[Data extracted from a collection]

== Segment start ==

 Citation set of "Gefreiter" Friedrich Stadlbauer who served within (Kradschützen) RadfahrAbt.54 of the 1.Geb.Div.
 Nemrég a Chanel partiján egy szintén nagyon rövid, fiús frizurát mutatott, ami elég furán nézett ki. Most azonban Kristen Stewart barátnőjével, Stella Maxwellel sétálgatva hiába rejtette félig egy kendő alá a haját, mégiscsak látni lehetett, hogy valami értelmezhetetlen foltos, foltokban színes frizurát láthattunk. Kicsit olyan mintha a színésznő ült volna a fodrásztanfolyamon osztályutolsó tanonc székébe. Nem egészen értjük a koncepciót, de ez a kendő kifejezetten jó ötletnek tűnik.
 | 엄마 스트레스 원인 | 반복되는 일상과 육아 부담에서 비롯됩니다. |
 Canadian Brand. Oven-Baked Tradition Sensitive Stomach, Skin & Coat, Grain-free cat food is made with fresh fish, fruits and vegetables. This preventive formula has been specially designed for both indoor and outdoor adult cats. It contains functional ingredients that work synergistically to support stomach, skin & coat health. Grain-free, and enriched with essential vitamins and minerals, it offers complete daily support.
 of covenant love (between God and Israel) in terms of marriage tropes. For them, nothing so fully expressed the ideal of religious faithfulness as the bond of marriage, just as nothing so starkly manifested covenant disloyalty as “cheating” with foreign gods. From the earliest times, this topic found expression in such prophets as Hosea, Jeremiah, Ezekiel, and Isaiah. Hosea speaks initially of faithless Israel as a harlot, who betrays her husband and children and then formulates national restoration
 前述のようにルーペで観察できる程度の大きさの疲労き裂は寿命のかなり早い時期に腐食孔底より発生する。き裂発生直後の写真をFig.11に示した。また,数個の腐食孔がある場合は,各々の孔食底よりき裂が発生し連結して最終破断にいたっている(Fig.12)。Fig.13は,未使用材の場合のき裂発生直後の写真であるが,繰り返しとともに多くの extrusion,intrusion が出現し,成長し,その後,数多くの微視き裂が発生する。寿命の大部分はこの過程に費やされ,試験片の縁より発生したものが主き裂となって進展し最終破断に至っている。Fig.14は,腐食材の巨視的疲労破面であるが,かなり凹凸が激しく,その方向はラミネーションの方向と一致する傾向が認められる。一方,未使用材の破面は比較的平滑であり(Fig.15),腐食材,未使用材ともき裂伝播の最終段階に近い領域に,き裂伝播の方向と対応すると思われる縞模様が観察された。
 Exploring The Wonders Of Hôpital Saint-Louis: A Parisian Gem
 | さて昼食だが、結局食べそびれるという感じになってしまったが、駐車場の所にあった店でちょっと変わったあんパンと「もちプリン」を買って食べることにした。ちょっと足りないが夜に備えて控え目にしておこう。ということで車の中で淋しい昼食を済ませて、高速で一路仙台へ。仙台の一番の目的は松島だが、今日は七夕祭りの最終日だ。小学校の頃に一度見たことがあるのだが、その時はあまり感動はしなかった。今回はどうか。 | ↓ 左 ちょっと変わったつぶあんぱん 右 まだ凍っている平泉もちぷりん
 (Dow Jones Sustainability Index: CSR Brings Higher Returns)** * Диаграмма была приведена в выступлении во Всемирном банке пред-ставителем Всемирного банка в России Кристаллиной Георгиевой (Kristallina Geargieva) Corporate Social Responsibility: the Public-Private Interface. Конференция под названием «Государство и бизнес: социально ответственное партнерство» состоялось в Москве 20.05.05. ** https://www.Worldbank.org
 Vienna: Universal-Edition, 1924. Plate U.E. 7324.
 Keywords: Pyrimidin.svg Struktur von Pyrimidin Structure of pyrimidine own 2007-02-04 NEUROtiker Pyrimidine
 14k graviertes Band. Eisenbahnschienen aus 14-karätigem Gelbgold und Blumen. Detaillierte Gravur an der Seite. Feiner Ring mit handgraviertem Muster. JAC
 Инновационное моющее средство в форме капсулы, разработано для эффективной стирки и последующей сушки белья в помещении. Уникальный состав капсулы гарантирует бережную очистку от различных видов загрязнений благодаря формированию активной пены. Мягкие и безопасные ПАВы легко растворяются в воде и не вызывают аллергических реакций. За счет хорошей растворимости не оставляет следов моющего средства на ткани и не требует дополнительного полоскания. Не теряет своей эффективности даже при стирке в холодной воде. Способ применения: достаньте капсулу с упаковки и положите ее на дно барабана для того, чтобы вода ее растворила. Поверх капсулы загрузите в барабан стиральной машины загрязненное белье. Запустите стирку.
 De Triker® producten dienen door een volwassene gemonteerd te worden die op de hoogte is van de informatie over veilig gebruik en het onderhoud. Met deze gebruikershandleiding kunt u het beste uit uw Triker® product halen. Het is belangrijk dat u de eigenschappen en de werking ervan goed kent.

== Segment end ==

== WHAT TO WORK ON ==
Repeat, exactly as they stand above, the lines from the line with "부담에서 비롯됩니다. |" to the line with "Canadian Brand. Oven-Baked", both lines included.

== RESPONSE AREA ==
 | 엄마 스트레스 원인 | 반복되는 일상과 육아 부담에서 비롯됩니다. |
 Canadian Brand. Oven-Baked Tradition Sensitive Stomach, Skin & Coat, Grain-free cat food is made with fresh fish, fruits and vegetables. This preventive formula has been specially designed for both indoor and outdoor adult cats. It contains functional ingredients that work synergistically to support stomach, skin & coat health. Grain-free, and enriched with essential vitamins and minerals, it offers complete daily support.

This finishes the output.